Mondays are the only days when I actually get to sleep in (5 minutes IS extremely precious ya) because I know the traffic will not be as bad as the rest of the week (everybody hate Mondays mah…and naturally they think aiyoh, first day of the week sure jam wan….so they leave earlier lor) and the smart lazy ones like me
will wake up later and cruise to work lor.
I have to wake up early on Tuesdays because I have a Senior Management meeting to attend to by 9am, which also means that I have to leave home earlier to escape the early morning jam just so that I can get to office on time for the meeting or get machine gun-nized by the boss.
Wednesdays to Saturdays are working days (yes, damnit! I HAVE to work on a fucking Saturday!), which means that I cannot sleep in either. I’ll have to wake up somehwere between Monday’s and Tuesday’s wake-up time.
And Sundays. Fine. So I get to sleep late on Sundays. But so what. How can anyone be sleeping in on Sundays when the parents wake up early and make so much noise in the house that you can’t even get a good night’s rest (or in this case, a good morning’s rest) especially after a hard night of partying before. And it’s even worse that I ONLY have one night for partying…and that is a Saturday night.
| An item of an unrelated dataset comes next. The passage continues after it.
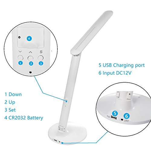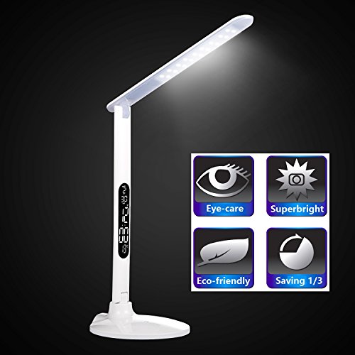 Amemo LED Folding Desk Lamp / Table Lamp with USB Charging Port(10Watt, Eye-care,3 Modes w/ 5 Dimming Levels,Alarm Clock, Calendar, Thermometer)

So, tell me again, why do people hate Mondays?
But, I extremely hate today. Yes, today. Monday today. Why do I hate today, you ask?
Well, that’s because first thing in the morning, I get a nasty email from a client FUCKING us all up for something that wasn’t even our fault in the first place! And naturally, who is the one that has to come up with the crisis management. Yours truly!
Hell, nobody fucks nobody early on a Monday morning okay. And definitely NOT by email! Who do you think you are anyways? Just because we are providing you OUR good services, you think that you can control us??? You’re not even paying us enough to do that, bitch, so don’t go around thinking you are. You want some respect, well, EARN it!
Phew…..there, I’ve said it. Now can go home and have a good night’s rest.